How to handle input file with non standard delimiters in dsx ml pipeline?

I'm trying to work with a data set that has no header and has :: for field delimiters:

! wget --quiet http://files.grouplens.org/datasets/movielens/ml-1m.zip
! unzip ml-1m.zip
! mv ml-1m/ratings.dat .
! head ratings.dat

The output:

1::1193::5::978300760
1::661::3::978302109
1::914::3::978301968

I have loaded the file into my dsx pipeline, but I am unclear how to get dsx to split this file using the :: delimiters.

How do I do this?
If it is not possible to get dsx to reshape this file using dsx ml pipeline functionality, does dsx have any pre-requisities in terms of input file format?

Update:

The ml pipeline functionality I'm trying to use can be seen from the screenshot below:

I have added a data set, but can't figure out how to get dsx to recognise the field delimiters:

Solution

As of Feb-2017...

When you create a new pipeline and select a dataset, I believe DSX loads the file you select using a Spark DataFrameReader. The DataFrameReader defaults to using a single , as the delimiter. DSX does not provide a way to change the default delimiter in the UI.

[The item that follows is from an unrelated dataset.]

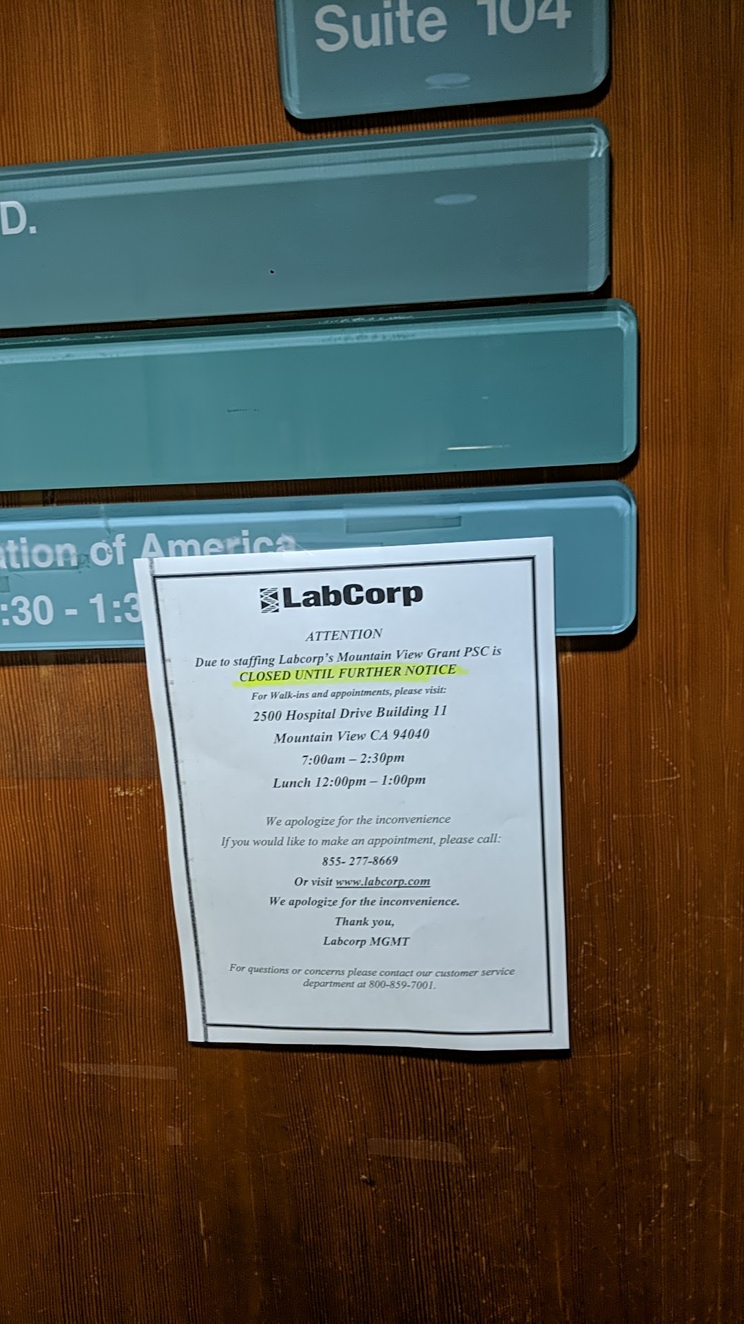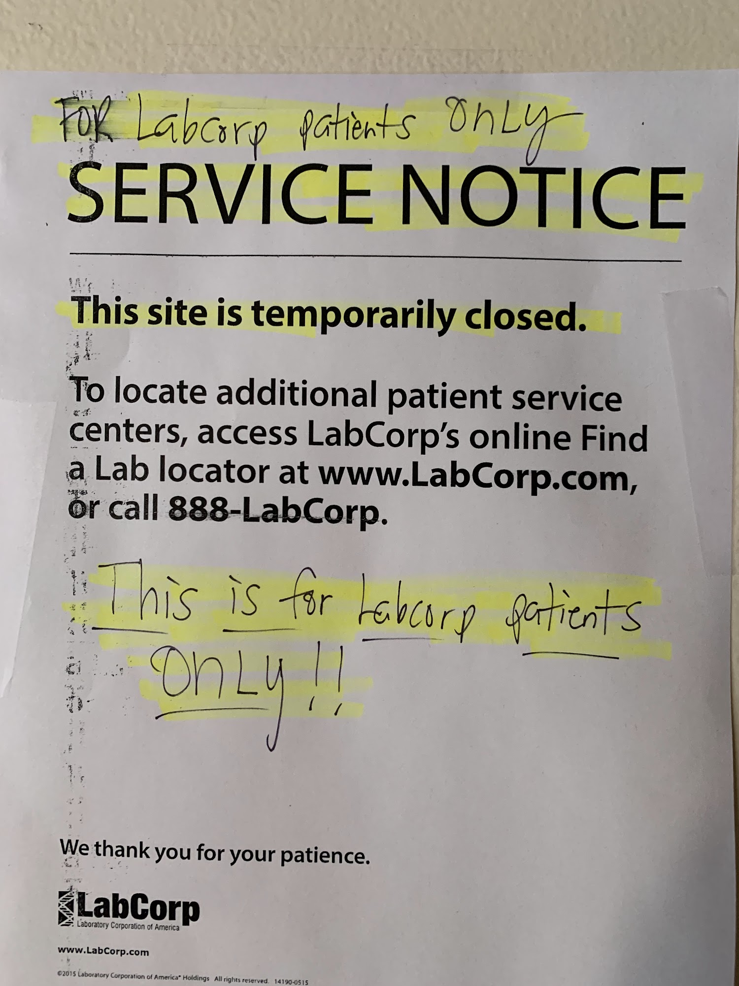 This LabCorp location is TEMPORARILY CLOSED

I think preprocessing the data is your best option. You can do this in a notebook. Be aware that the Spark DataFrameReader only supports a single character delimiter, so you can't use that with this particular dataset. You can user pandas, however.

import pandas as pd

pdf = pd.read_csv('ml-1m/ratings.dat', sep='::', 
              header=None, 
              names=['UserID','MovieID','Rating','Timestamp'], 
              engine='python')

pdf.to_csv('ratings.csv', index=False)

!head ratings.csv
UserID,MovieID,Rating,Timestamp
1,1193,5,978300760
1,661,3,978302109
1,914,3,978301968
1,3408,4,978300275
1,2355,5,978824291
1,1197,3,978302268
1,1287,5,978302039
1,2804,5,978300719
1,594,4,978302268

Now the data will be in a format that DSX will be able to parse properly.